Muriel Oddenino, la ricercatrice «col sorriso da bambina e la gentilezza nel cuore» e Federico “Chicco” Gualtieri, il «ragazzo che parlava ai fondali», ripete tra le lacrime chi li ha conosciuti. Sono loro i due piemontesi nel gruppo dei cinque italiani vittime di una tragica immersione alle Maldive. Muriel, biologa marina ed ecologa di Poirino e Federico, istruttore subacqueo di Borgomanero, si trovavano nell’atollo insieme alla loro professoressa e guida, Monica Montefalcone, morta assieme ai suoi ragazzi. Non erano turisti in cerca di svago, ma giovani che avevano scelto di dedicare ogni respiro alla salute del pianeta.
Chi era Muriel Oddenino
(ansa)
A Poirino, Muriel era per tutti la figlia del “dottore”, quel medico di famiglia che per una vita si è preso cura della comunità, in pensione da due anni.
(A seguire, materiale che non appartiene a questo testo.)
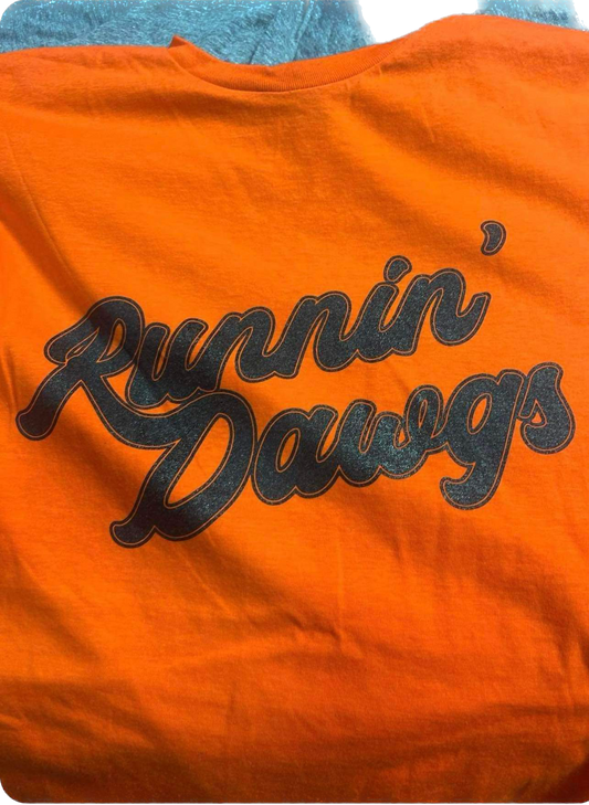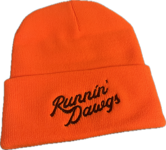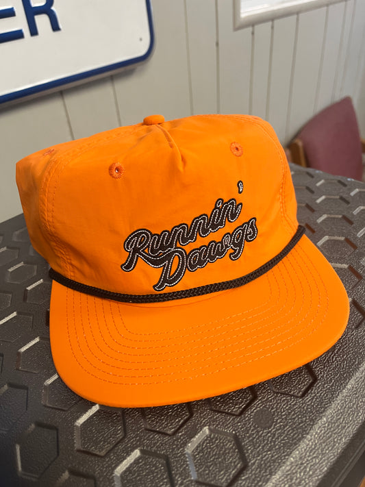 Runnin' Dawgs Hat with Solld Back, Flat Bill, Orange with Rope

Nata nel 1995, ultima di tre fratelli, Muriel aveva negli occhi la curiosità di chi non si accontenta della superficie. Laureata a Torino e poi ricercatrice al dipartimento di Scienze della Terra dell’Università di Genova, era già una firma dell’ecologia marina. Solo pochi mesi fa aveva pubblicato con altri colleghi uno studio sulla Posidonia oceanica, la pianta che permette al mare di respirare. L’ex sindaca di Poirino, Angelita Mollo, ne parla con il cuore spezzato: «Un dolore immenso e terribile che ci lascia tutti sconvolti e senza parole. Me la ricordo piccina, una bellissima bambina bionda... Una tragedia che colpisce una famiglia stimata e una giovane vita dedicata alla scienza». Quel sorriso puro era diventato il volto di una generazione di scienziati che non ha paura di sporcarsi le mani o di immergersi per ore, pur di capire come salvare i coralli dal riscaldamento globale.